Dans le cadre d’un arbitrage international, nous avons assisté un distributeur exclusif en Espagne de produits de santé de haute technologie dont l’activité dépendait, de manière très majoritaire, d’une seule marque (environ 93 % du chiffre d’affaires pendant plusieurs années). Après la rupture de la relation, le fournisseur a commencé à vendre et à commercialiser directement sur le territoire et, en outre, a restreint l’accès aux outils essentiels de gestion des commandes, aggravant ainsi l’impact opérationnel du changement.
Le litige n’était pas seulement contractuel : le cœur économique était que le fournisseur allait continuer à bénéficier du « fonds de commerce » et de la clientèle créée pendant plus d’une décennie, tandis que le distributeur perdait d’un coup sa capacité d’exploiter cette valeur et, en même temps, se retrouvait sans une période réaliste pour se repositionner sur le marché. Dans les secteurs où la confiance, la marque et la continuité du service sont essentielles, ce « transfert » de clientèle a un coût quantifiable.
Notre mission a consisté à élaborer une évaluation d’expert solide et compréhensible pour le tribunal, en structurant les dommages selon deux approches cohérentes entre elles : une évaluation « principale » de la valeur du portefeuille de clientèle perdue, et une évaluation « alternative » basée sur des manquements concrets au contrat (absence de préavis, non-concurrence, etc.), complétées par des coûts irrécupérables et des intérêts.
Dans l’évaluation principale, nous avons calculé la valeur actuelle du portefeuille de clientèle au moyen d’un DCF : nous avons estimé la marge de contribution attribuable à la marque, nous avons projeté sa génération future pendant une durée de vie moyenne du client et nous avons actualisé ces flux avec un taux dérivé du CAPM (taux sans risque, bêta et prime de marché), en intégrant l’inflation. Cette approche a permis d’aboutir à une quantification robuste de la valeur économique de la clientèle, avec une approche délibérément conservatrice.
Parallèlement, nous avons justifié et quantifié les coûts irrécupérables directement liés à l’activité (stocks et investissements spécifiques), afin de compléter le préjudice patrimonial par des preuves vérifiables. En outre, dans l’évaluation alternative, nous avons intégré des compensations équivalentes à un an de rémunération pour absence de préavis et pour violation de la période de non-concurrence, et nous avons ajouté une indemnité de goodwill/licenciement conformément à la réglementation du pays des agents commerciaux, également limitée à un an, calculée sur la base des moyennes des cinq dernières années.

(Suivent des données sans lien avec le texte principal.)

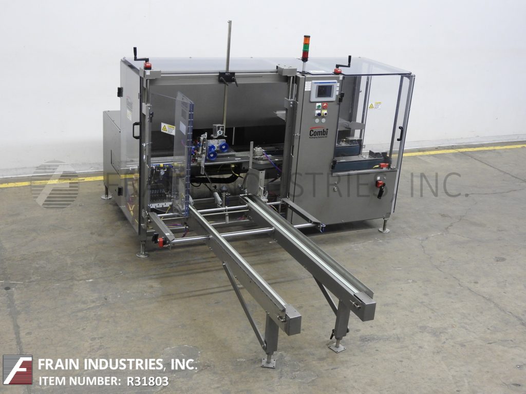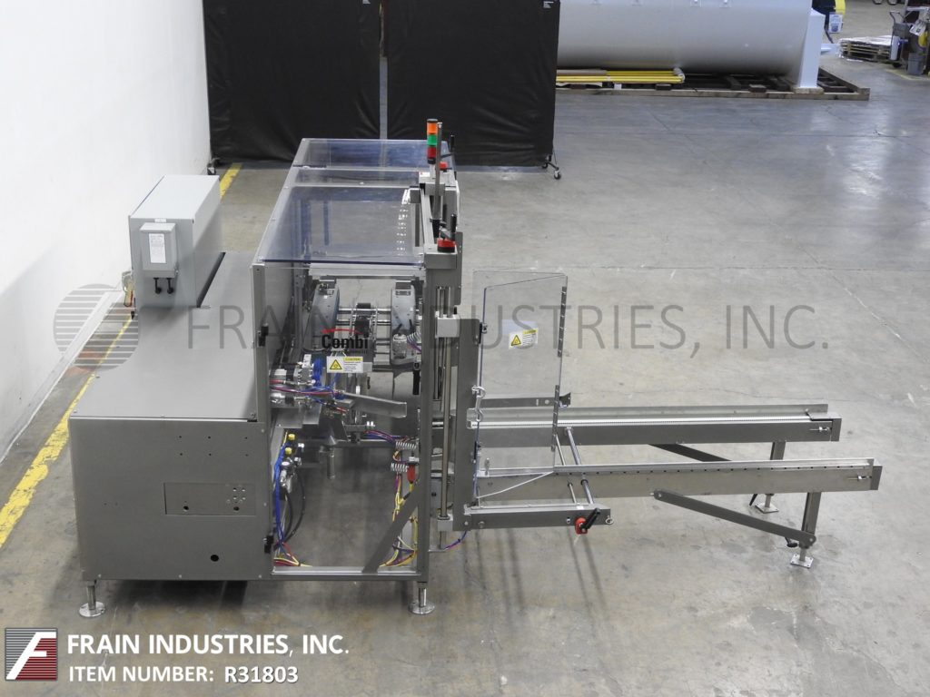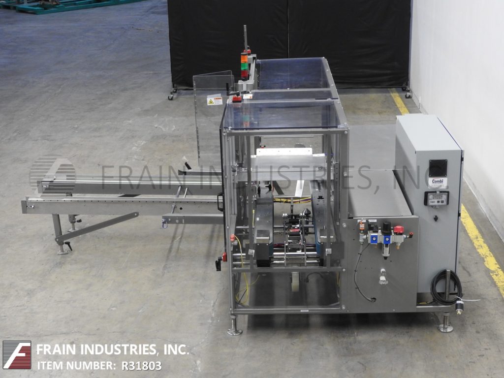 Back to All EquipmentCombi America Model 2EZHS, automatic, case erector, bottom taper rated from 5 to 20 cases per minute – depending on materials, application and operator dexterity. Case size range: 8" to 24" in Length x 6" to 16" in Width x 5" to 18" in Height. Heavy duty welded steel construction. Equipped with easy load, 80" long automatic blank case magazine, (5) suction cup pic-n-place case erector, minor and major flap closers, 44" long x 3-1/4" wide dual side belt case indexing, 3" bottom tape head, hand crank no-tool adjustable, vacuum system and interlock safety guarding. Control panel has A/B controller with A/B panel view and safety reset, start, stop and e-stop controls with ethernet interface port and statis light bar. Mounted on height adjustable frame with leveling legs.
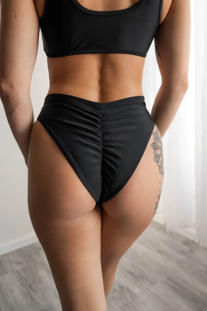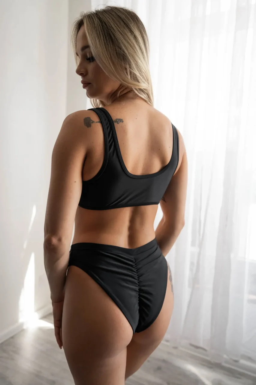 Model ma lekko podwyższony stan, który delikatnie modeluje okolice brzucha i bioder. To praktyczne rozwiązanie, które daje pewność ruchu bez uczucia skrępowania. Dół stroju do pole dance w czerni świetnie trzyma się ciała, nie zsuwa się ani nie roluje – możesz tańczyć bez konieczności poprawiania stroju.

Le résultat a été une quantification cohérente entre les deux méthodes (principale et alternative), renforçant la crédibilité de l’analyse et évitant de dépendre d’une seule hypothèse. En termes agrégés, nos estimations situaient la compensation, y compris les éléments de clientèle, les coûts irrécupérables et les intérêts, avec une approche prudente (par exemple, en maintenant l’effet négatif de 2020 dans les moyennes).
En pratique, ce travail a donné au client une base d’expertise extraordinairement défendable : nous avons relié les faits, le contrat et la réglementation applicable à une évaluation financière standard et transparente, expliquée de manière claire et avec des hypothèses conservatrices, afin de soutenir fermement la réclamation et d’améliorer de manière substantielle sa position procédurale et de négociation.